The end of the 19th century and the first decade of the 20th century were a time of great growth and prosperity for Prague.

Belle Epoque Buildings in Prague
Belle Epoque Buildings in Prague

As part of the Austro-Hungarian Empire, the city was transforming into a large modern European metropolis. The peaceful co-existence of Jews, Germans and Czechs contributed to an environment where both industry and culture flourished. Businesses and factories sprang up, along with grand streets, beautiful shops and elegant hotels. The suburbs burgeoned.

The Fine Arts blossomed and artists like pre-Raphaelite painter Mucha, became leaders in a world-wide movement. While many of the new buildings followed the Art Nouveau style of the Parisian Belle Epoque which was colonising European cities, an original Czech Cubist architecture was emerging too.

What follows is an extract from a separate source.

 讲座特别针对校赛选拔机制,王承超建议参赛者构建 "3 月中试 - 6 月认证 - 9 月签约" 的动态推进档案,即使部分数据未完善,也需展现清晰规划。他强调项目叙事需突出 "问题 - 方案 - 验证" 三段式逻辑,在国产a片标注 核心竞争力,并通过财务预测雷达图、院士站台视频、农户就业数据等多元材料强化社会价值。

It was an age of visionary rule too. Francis Ferdinand d’Este who was a descendent of the Jagellon, Luxembourg and Premyslovic Dynasties, had succeeded the Emperor Francis Josef. He was married to Czech aristocrat Sophie Von Chotek and the couple lived at Konopiste Castle near Prague. Francis Ferdinand was a proponent of the expansion of the Dual Monarchy into an Austrian-Hungarian-Czech triple Monarchy. However his plans were cut short when he and Queen Sophie were assassinated by Hungarian student, Gabriel Princeps in Sarajevo on June 28, 1914. This incident was the catalyst for the commencement of World War I.

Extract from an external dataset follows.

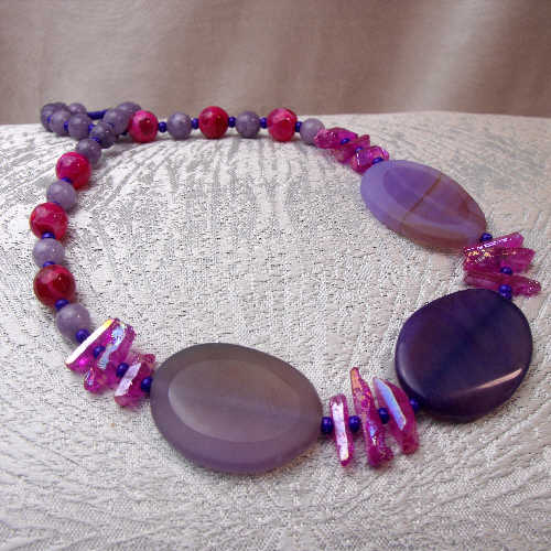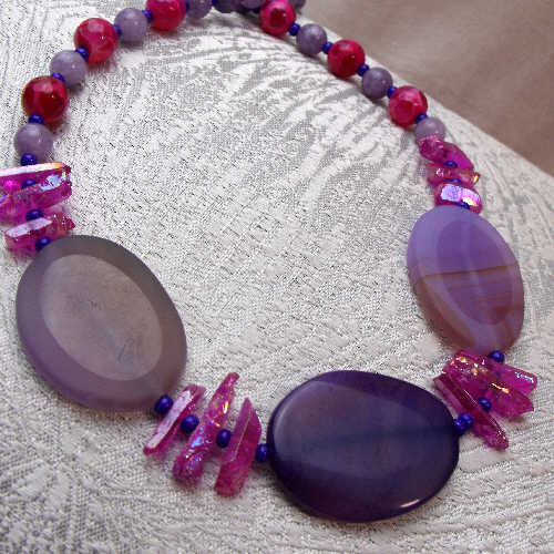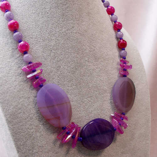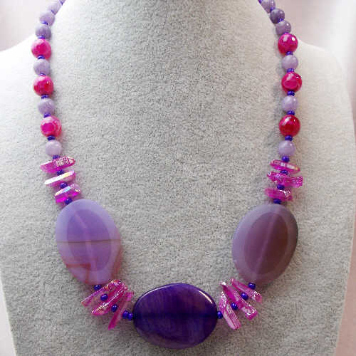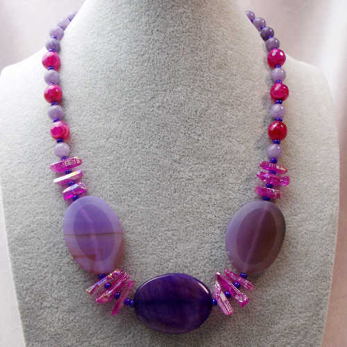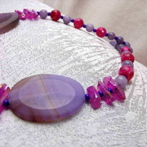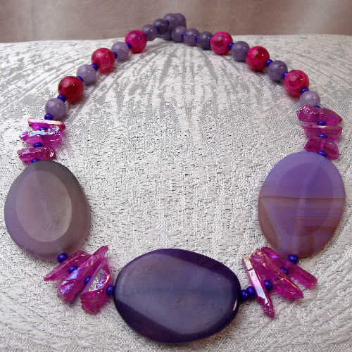 I have created this purple and pink chunky semi-precious bead necklace from large chunky purple oval shaped semi-precious agate beads and I have spaced these chunky semi-precious beads with nuggets of a bright pink semi-precious crystal.

At the end of the War the Austro-Hungarian Empire was dissolved and Czechoslovakia was created with Prague as its capital. Prague Castle became the seat of the first president, Thomas Garrigue Masaryk.

The transformation into a big, modern, industrial city continued. In 1920 the Law of Greater Prague of 1920 expanded the city and in 1922 it incorporated several neighbouring towns and citizens. By 1930, the population had reached 850,000.

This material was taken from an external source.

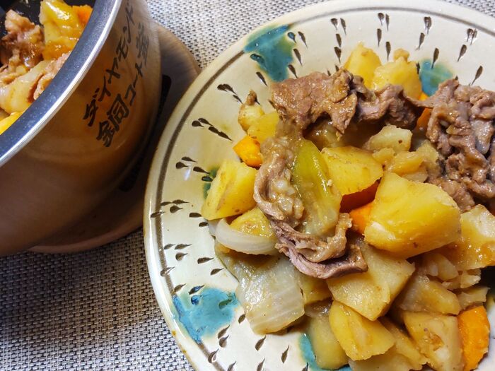・調味料は水と焼肉のたれだけであり、焼肉のたれを使ったとは思えない肉じゃがのお味が楽しめる。

Prague’s prosperity endured, even through the Great Depression of the 1930s. The development of Czech Cubist Architecture, interrupted by the War, resumed and soon the cityscape featured the unique and impressive Functionalist buildings which were to distinguish it. Prague’s architecture had earned its place among the European greats and the city itself was one of the most beautiful and prosperous in Europe.

A History of Prague, Part 7, The Nineteenth Century

The19th century brought sweeping changes to Bohemia. In 1806 Napoleon dissolved the Holy Roman Empire and the Emperor Francis II abdicated his title, becoming Francis I Emperor of Austria.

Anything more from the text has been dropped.